"Barykada" z autobusów przed Bramą Brandenburską


Trzy postawione pionowo autobusy naprzeciw Bramy Brandenburskiej mają symbolizować sprzeciw wobec wojny i terroru - wyjaśnia Manaf Halbouni, niemiecki artysta urodzony w Damaszku. Jak podkreśla, instalacja "Monument" to odtworzone barykady z autobusów, które miały chronić ludność cywilną w Aleppo przed ostrzałem snajperów.

Instalacja złożona z trzech autobusów ustawiona została w Berlinie w piątek.

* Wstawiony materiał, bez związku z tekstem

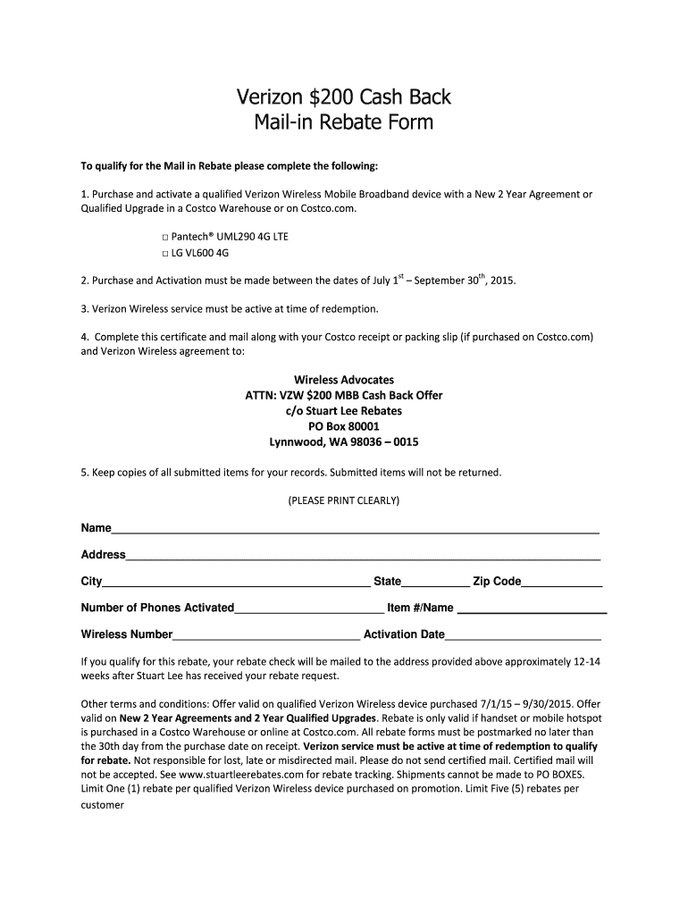Verizon $200 Cash Back Mailing Rebate Form To qualify for the Mail-in Rebate please complete the following: 1. Purchase and activate a qualified Verizon Wireless Mobile Broadband device with a New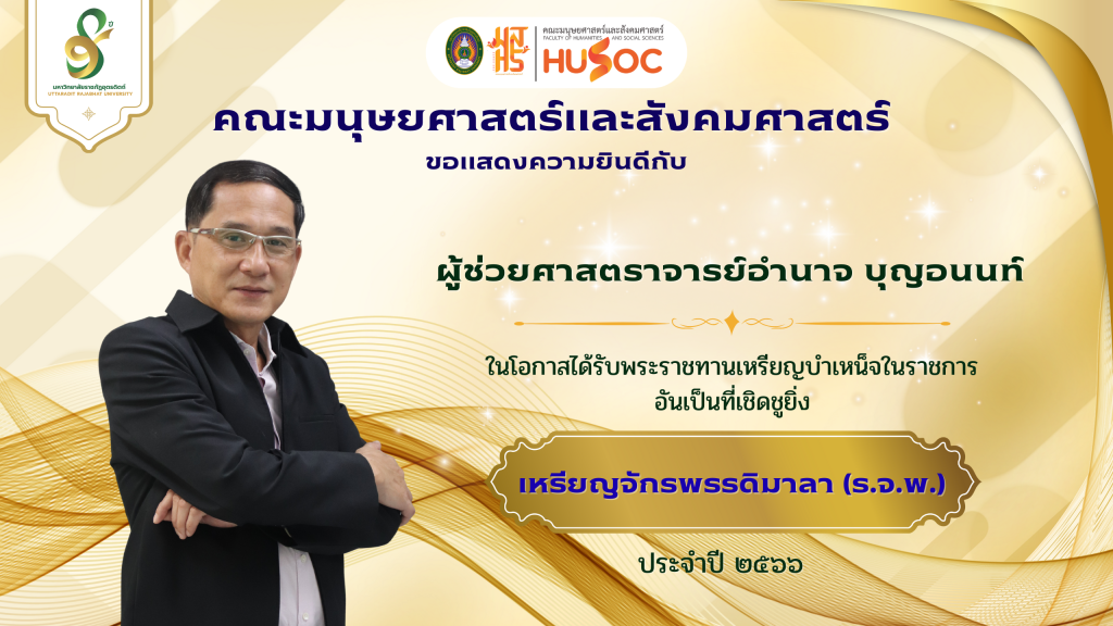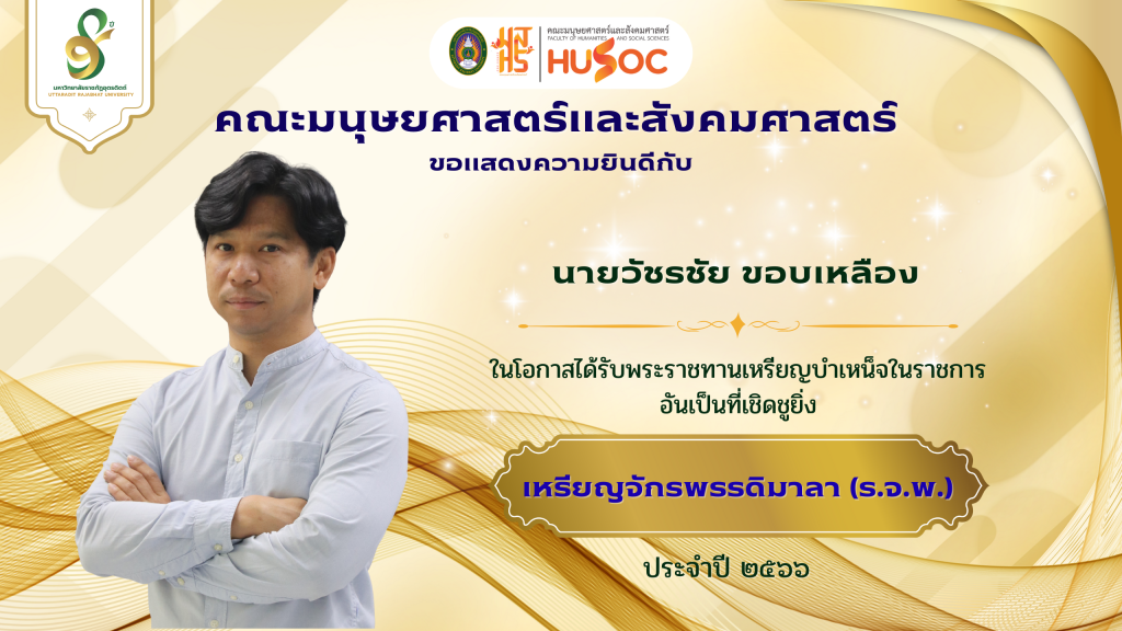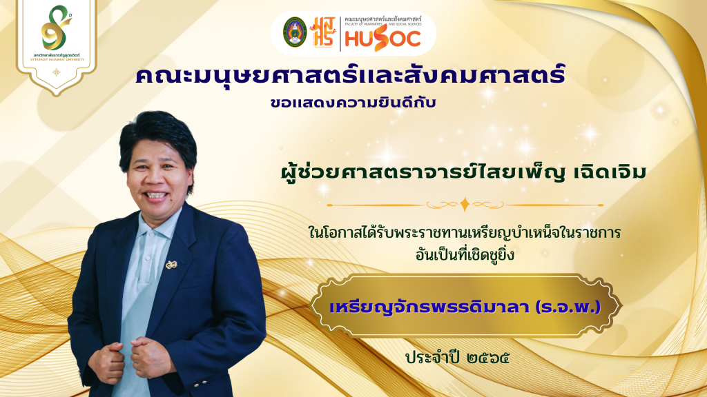 คณะมนุษยศาสตร์และสังคมศาสตร์ ขอแสดงความยินดีกับ คณาจารย์ ในโอกาสได้รับพระราชทานในโอกาสได้รับพระราชทานเหรียญบำเหน็จในราชการอันเป็นที่เชิดชูยิ่ง “เหรียญจักรพรรดิมาลา (ร.จ.พ.)” และใบประกาศศนียาบัตรกำกับเครื่องราชอิสริยาภรณ์ ปี 2565 – 2566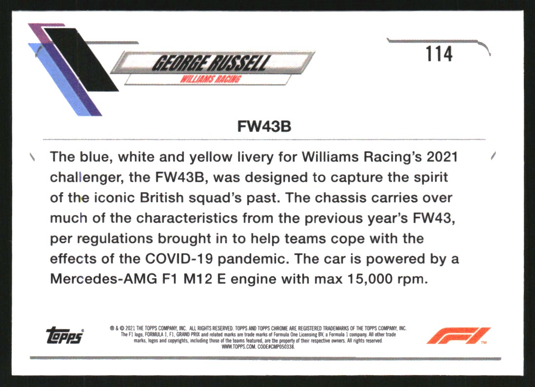 2021 Topps Chrome Sapphire Formula 1 #114 George Russell F1 Cars - Racing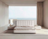 Cabecero tapizado de 320x120 cm alto, juegos de mesitas auxiliares Shitake de Ø50x50 cm alto-Ø40x40 cm, mesita de 2 cajones de 60 cm. Colores: Ivory -Tapizado Marfil -Maya -Marco Titanium. Disfruta de un ambiente sofisticado en todos sus aspectos. Su combinación de acabados lo hace realmente exquisito. Pero en él destaca también la calidad de los materiales, la elegancia de sus movimientos, lo práctico que resulta en tu día a día.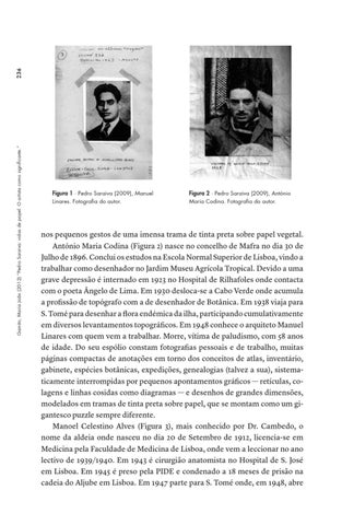 nos pequenos gestos de uma imensa trama de tinta preta sobre papel vegetal. António Maria Codina (Figura 2) nasce no concelho de Mafra no dia 30 de Julho de 1896. Conclui os estudos na Escola Normal Superior de Lisboa, vindo a trabalhar como desenhador no Jardim Museu Agrícola Tropical. Devido a uma grave depressão é internado em 1923 no Hospital de Rilhafoles onde contacta com o poeta Ângelo de Lima. Em 1930 desloca-se a Cabo Verde onde acumula a profissão de topógrafo com a de desenhador de Botânica. Em 1938 viaja para S. Tomé para desenhar a flora endémica da ilha, participando cumulativamente em diversos levantamentos topográficos. Em 1948 conhece o arquiteto Manuel Linares com quem vem a trabalhar. Morre, vítima de paludismo, com 58 anos de idade. Do seu espólio constam fotografias pessoais e de trabalho, muitas páginas compactas de anotações em torno dos conceitos de atlas, inventário, gabinete, espécies botânicas, expedições, genealogias (talvez a sua), sistematicamente interrompidas por pequenos apontamentos gráficos — retículas, colagens e linhas cosidas como diagramas — e desenhos de grandes dimensões, modelados em tramas de tinta preta sobre papel, que se montam como um gigantesco puzzle sempre diferente. Manoel Celestino Alves (Figura 3), mais conhecido por Dr. Cambedo, o nome da aldeia onde nasceu no dia 20 de Setembro de 1912, licencia-se em Medicina pela Faculdade de Medicina de Lisboa, onde vem a leccionar no ano lectivo de 1939/1940. Em 1943 é cirurgião anatomista no Hospital de S. José em Lisboa. Em 1945 é preso pela PIDE e condenado a 18 meses de prisão na cadeia do Aljube em Lisboa. Em 1947 parte para S. Tomé onde, em 1948, abre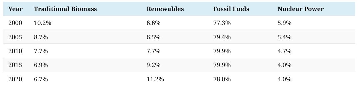 ข้อมูลจากตารางด้านล่างสะท้อนให้เห็นถึงแนวโน้มการใช้พลังงานหมุนเวียนทั่วโลกที่ชัดเจน โดยระหว่างปี 2000 ถึง 2010 สัดส่วนการใช้พลังงานหมุนเวียนทั่วโลกเพิ่มขึ้นเพียง 1.1% เท่านั้น อย่างไรก็ตาม 10 ปีถัดมา ในช่วง 2010 ถึง 2020 สัดส่วนดังกล่าวเพิ่มขึ้นอย่างรวดเร็วถึง 3.5% และความสามารถในการผลิตพลังงานหมุนเวียนยังทำสถิติสูงสุดต่อเนื่องมาตั้งแต่ปี 2021 เป็นต้นมา แนวโน้มนี้สะท้อนถึงการเปลี่ยนผ่านที่เกิดขึ้นอย่างจริงจังทั่วโลก

Wcześniej dzieło było prezentowane w Dreźnie, gdzie spotkało się z falą protestów ze strony skrajnej prawicy. Krytycy instalacji zwracali uwagę, że "Monument" lekceważy pamięć o bombardowaniu, które zrównało Drezno z ziemią podczas II wojny światowej. Halbouni przy tworzeniu swojej pracy inspirował się słynnym zdjęciem Karama Al-Masriego, na którym było widać ustawioną w Aleppo przez rebeliantów syryjskich barykadę złożoną z postawionych pionowo autobusów. Zdjęcie Al-Masriego zdobyło między innymi trzecią nagrodę podczas Istanbul Photo Awards 2016.

Sprzeciw wobec wojnie

Instalacja Halouniego została umiejscowiona w bardzo szczególnym symbolicznie położeniu, które mocno wpisane jest w najnowszą historię Niemiec. Z jednej strony to tutaj odbyły się oficjalne uroczystości związane ze zjednoczeniem Niemiec w 1990 roku. Z drugiej strony instalacja stoi zaledwie jedną przecznicę od Pomnika Holokaustu, upamiętniającego miliony Żydów zabitych w czasie rządów nazistów. W rozmowie z Agencją Reutera, Halbouni tłumaczył, że wybrał berlińską lokalizację, ponieważ "Brama Brandenburska jest symbolem zniszczenia i zakończenia wojny jednocześnie, jest symbolem podziału i symbolem zjednoczenia". Artysta podkreślił, że jego celem było wyrażenie sprzeciwu wobec wojny i wszystkiego, co złe. 12-metrowy "Monument", składający się z trzech autobusów, prezentowany jest w niemieckiej stolicy w związku z Berlin Herbstsalon (jesiennym festiwalem sztuki najnowszej). Na wystawie trwającej do 26 listopada prezentowane są prace ponad 100 niemieckich artystów.